Journal List > Tuberc Respir Dis > v.65(6) > 1001317

Kwon, Lee, Kwon, Choi, Na, Cho, Kim, Sul, Cho, and Son: Identification of DNA Methylation Markers for NSCLC Using Hpall-Mspl Methylation Microarray

Abstract

Background

Epigenetic alterations in certain genes are now known as at least important as genetic mutation in pathogenesis of cancer. Especially abnormal hypermethylation in or near promoter region of tumor suppressor genes (TSGs) are known to result in gene silencing and loss of gene function eventually. The authors tried to search for new lung cancer-specific TSGs which have CpG islands and HpaII sites, and are thought to be involved in carcinogenesis by epigenetic mechanism.

Methods

Tumor tissue and corresponding adjacent normal tissue were obtained from 10 patients who diagnosed with non small cell lung cancer (NSCLC) and underwent surgery in Konyang university hospital in 2005. Methylation profiles of promoter region of 21 genes in tumor tissue & non-tumor tissue were examined with HpaII-MspI methylation microarray (Methyl-Scan DNA chip®, Genomic tree, Inc, South Korea). The rates of hypermethylation were compared in tumor and non-tumor group, and as a normal control, we obtained lung tissue from two young patients with pneumothorax during bullectomies, methylation profiles were examined in the same way.

Results

Among the 21 genes, 10 genes were commonly methylated in tumor, non-tumor, and control group.
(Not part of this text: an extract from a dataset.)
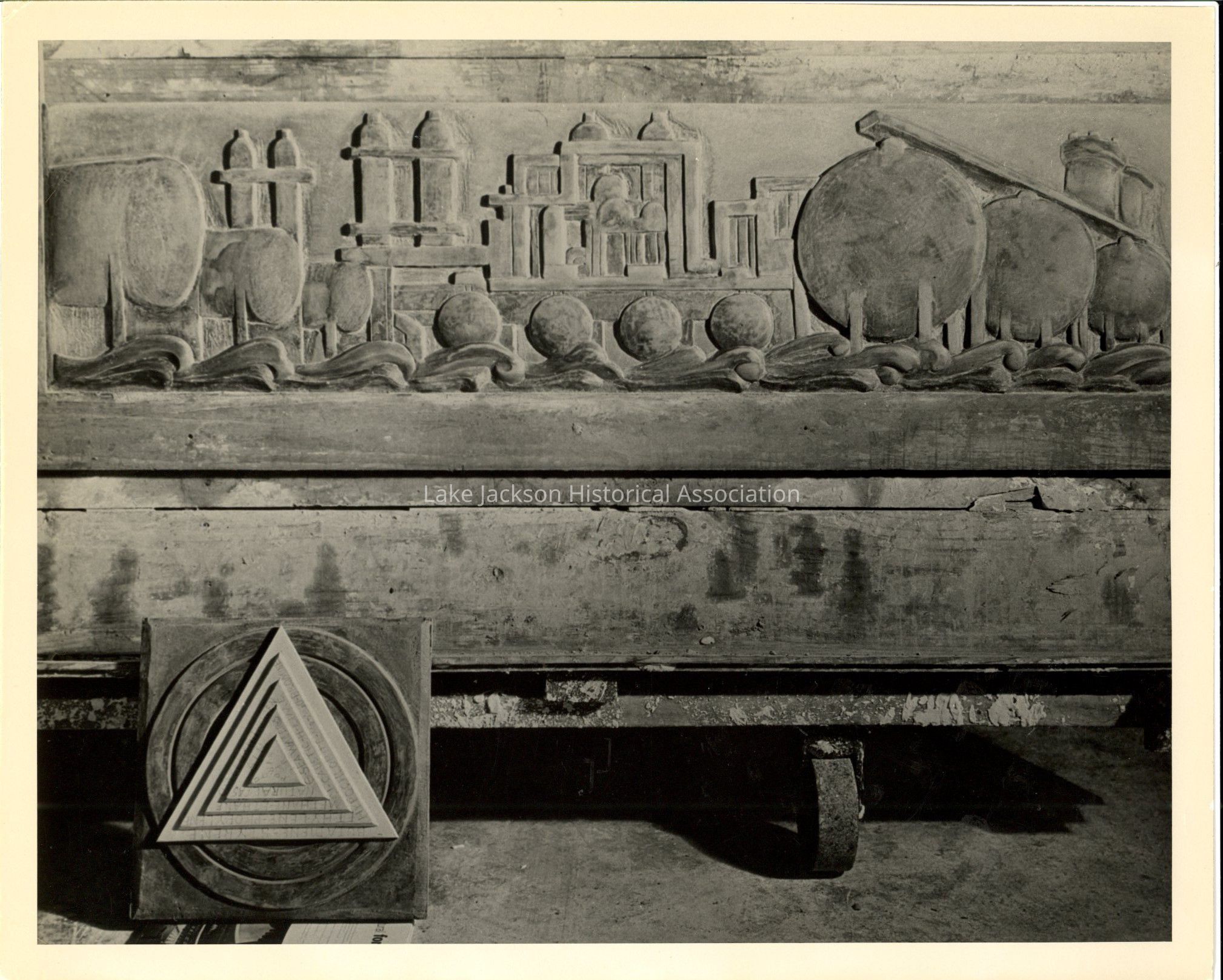 Black and white photo of the Veazey Research Center entrance way, showing a close up of one of the scultped images of a chemical plant on its walls. Taken July 20, 1953Collection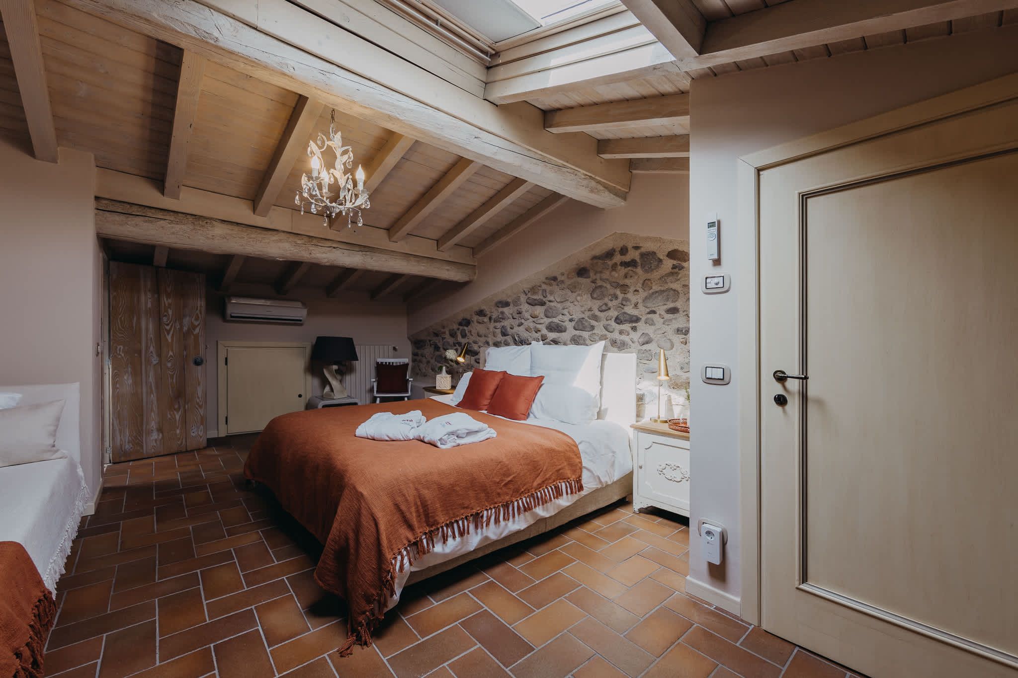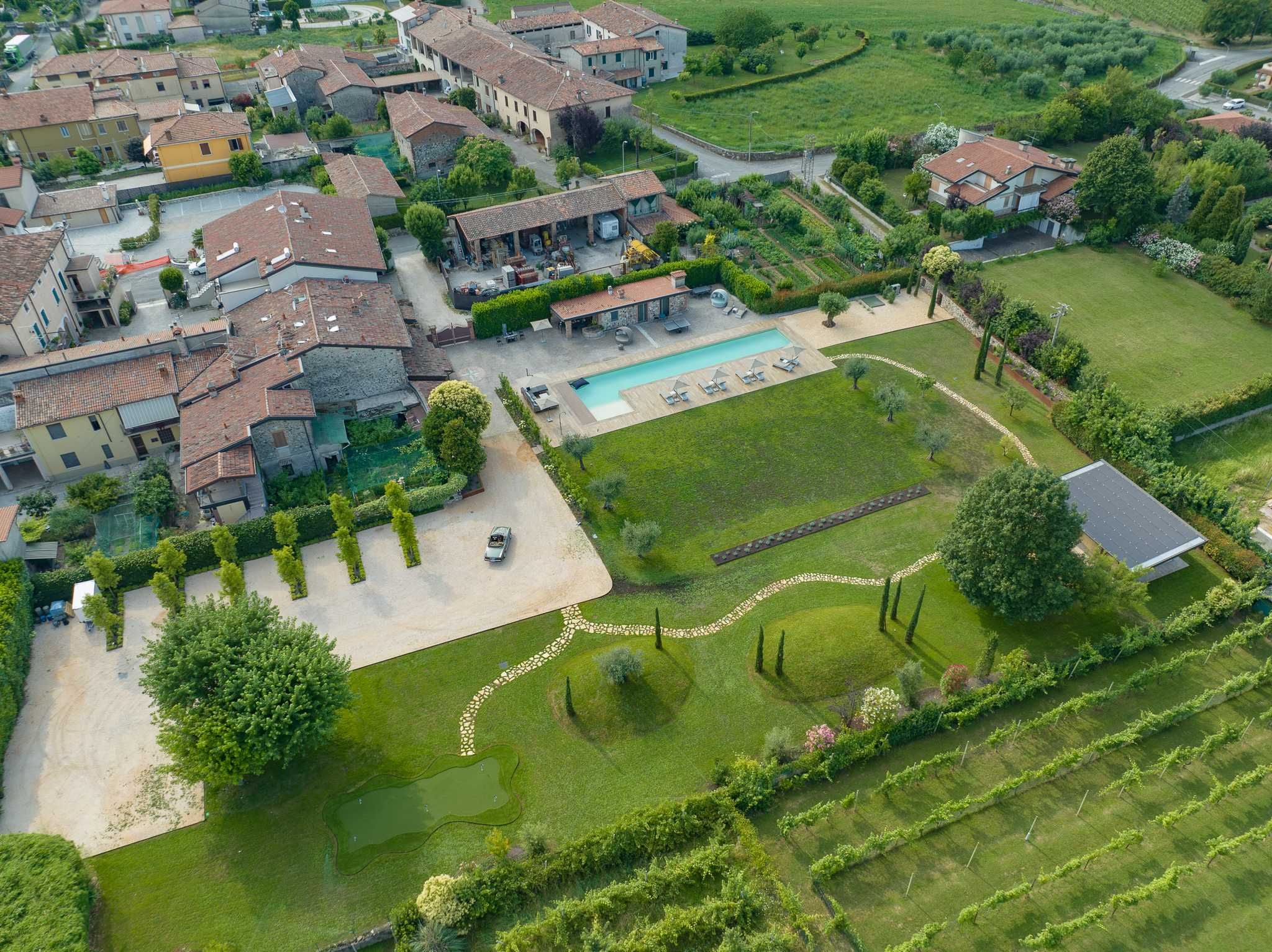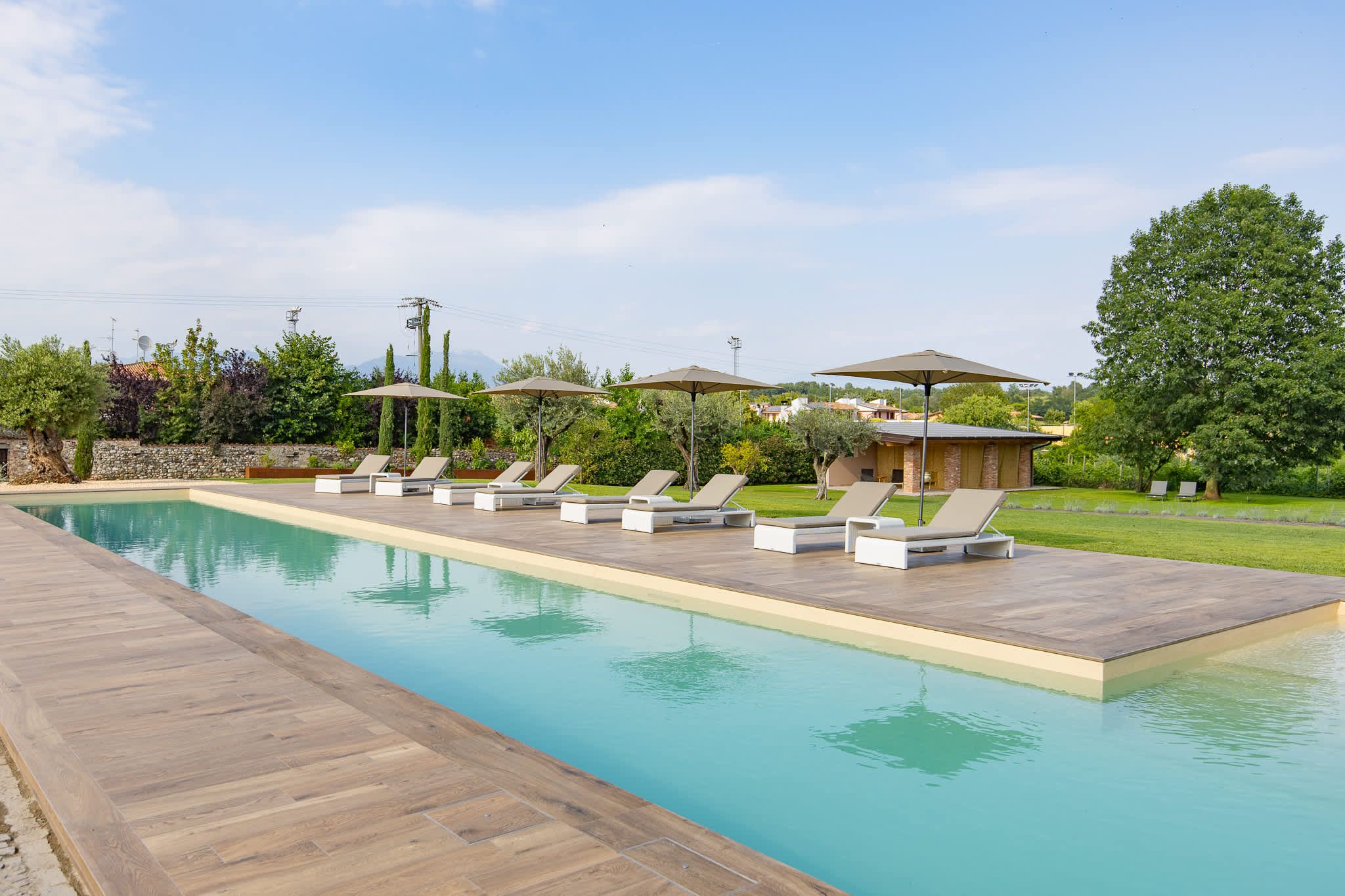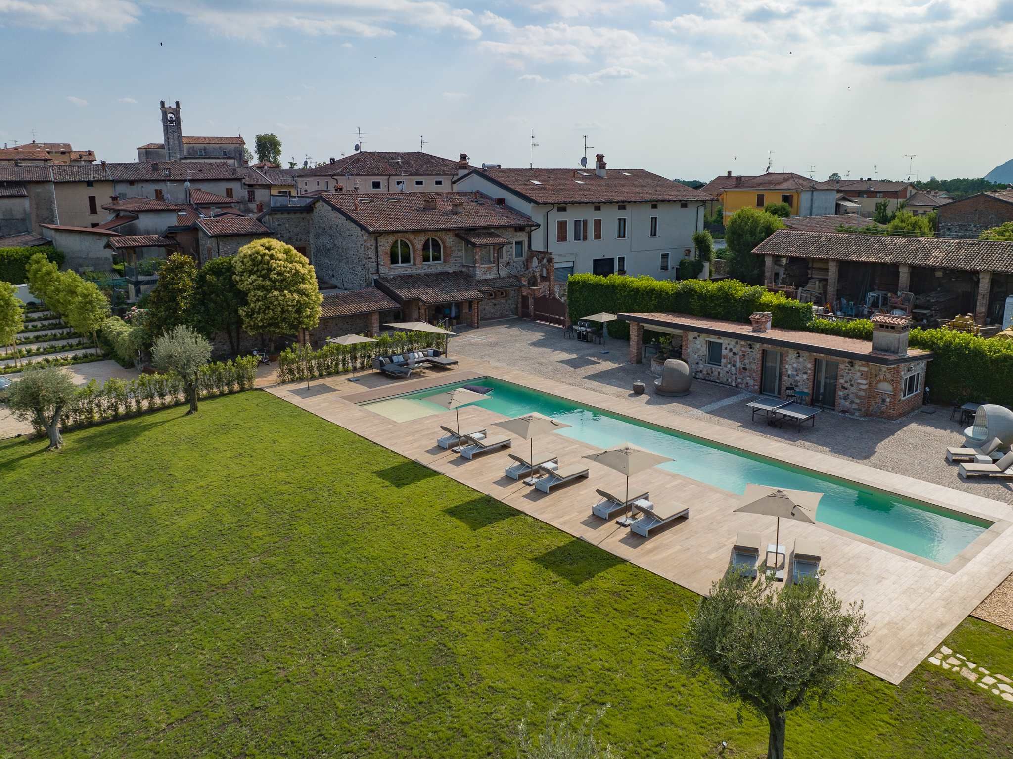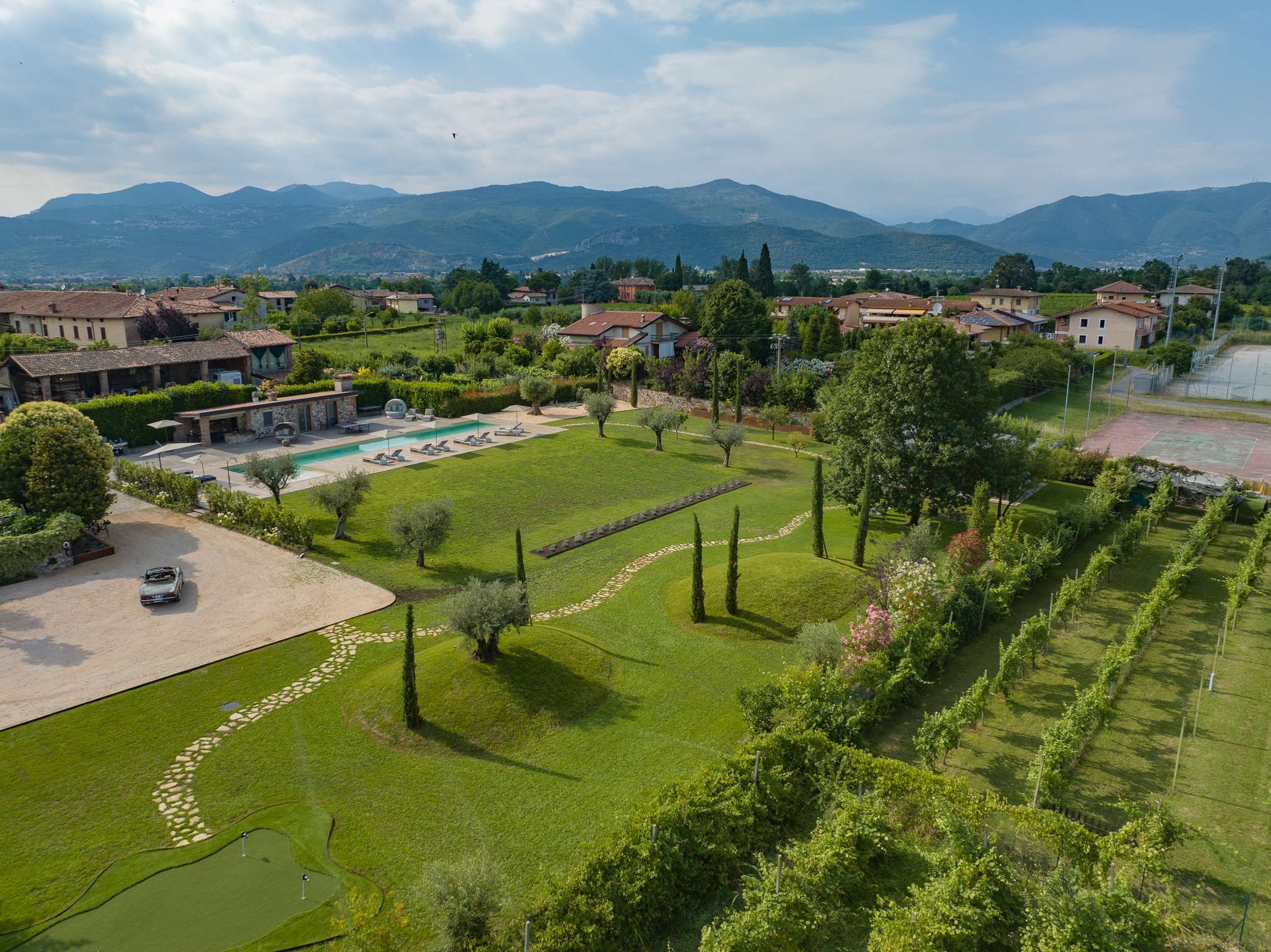 Nestled within the rolling vineyards of the Valtenesi region, this 17th-century home has worn many hats – monastery, winery, private residence, and now a rental retreat. Outside, you’ll find a 25-metre pool, scenic spots for relaxing or dining alfresco, and a hammock strung between the trees. Inside, historic charm meets contemporary living – think soft linens, exposed stone walls, and a sleek kitchen. There’s even a gym in the cellar. Whether you’re here for the wine, nature, or golfing, this spot makes it all feel effortless.

The 6 genes of APC, AR, RAR-b, HTR1B, EPHA3, and CFTR, among the rest of 11 genes were not methylated in control, and more frequently hypermethylated in tumor tissue than non-tumor tissue.

Conclusion

In the present study, HTR1B, EPHA3, and CFTR are suggested as possible novel TSGs of NSCLC by epigenetic mechanism.

Introduction

Lung cancer is the leading cause of cancer-related mortality worldwide attributing 1 million deaths every year1. There has been no effective screening tool with survival benefit2,3, leading to search for novel, non-invasive method for early detection of lung cancers. Early detection includes the identification of lung cancer-specific biomarkers.
Pathogenesis of cancer is having been elucidated gradually as genetics and molecular biology evolves. Epigenetic alteration of genes with their rolls of tumor suppression is one of the central mechanisms of tumorigenesis other than genetic mutation. This promising field has been being researched for more than two decades, and methylation of the CpG islands in or near of promoter region of tumor suppressor genes is major composition of epigenetic mechanism. When methylation occurs, some other events such as deacetylations of histone residues readily accompany, and conformational change of DNA inhibits transcriptional factors and some proteins from binding for the transcription to be initiated. And loss of function of the tumor suppressor genes (TSGs), for example, is resulted without alterations of genetic sequences4-6. Epigenetic alterations are changes that could be reversed by demethylating agents such as azacitidine and some results from several studies on these agents with some kinds of cancers disclosed the effectiveness in survival rate and symptom relief, so application into clinical field was just started5.
In the present study authors hypothesized that if a gene could be a TSG by epigenetic mechanisms, more frequent methylation profiling of that gene should be observed in tumor tissue than adjacent non-tumor tissue in a subject, or in tissue from cancer-free control group. So we investigated methylation profiles of genes in nonsmall cell lung cancer (NSCLC) patients and compared with corresponding adjacent non-tumor lung tissues. We tried to search for non-small cell lung cancer-specific tumor suppressor genes of which their function is inhibited by epigenetic mechanism.

Materials and Methods

1. Patients & DNA extraction

Total of 10 patients with primary NSCLC who underwent lung surgeries in 2005 in Konyang university hospital were included. This study was approved by the Bioethics Committee of Konyang University Hospital and all of the participants gave written informed consent. All of the tumor and macroscopically normal lung tissue samples were obtained at the time of surgery, and were rapidly frozen in liquid nitrogen and stored at -80℃ until analysis. Also, normal lung tissue was obtained from two young healthy male patients with pneumothoraces through their bullectomies. Tissues samples were histologically confirmed by hematoxylin-eosin staining. DNA was extracted and prepared using the QiaAmp DNA mini kit® (Qiagen, Hilden, Germany).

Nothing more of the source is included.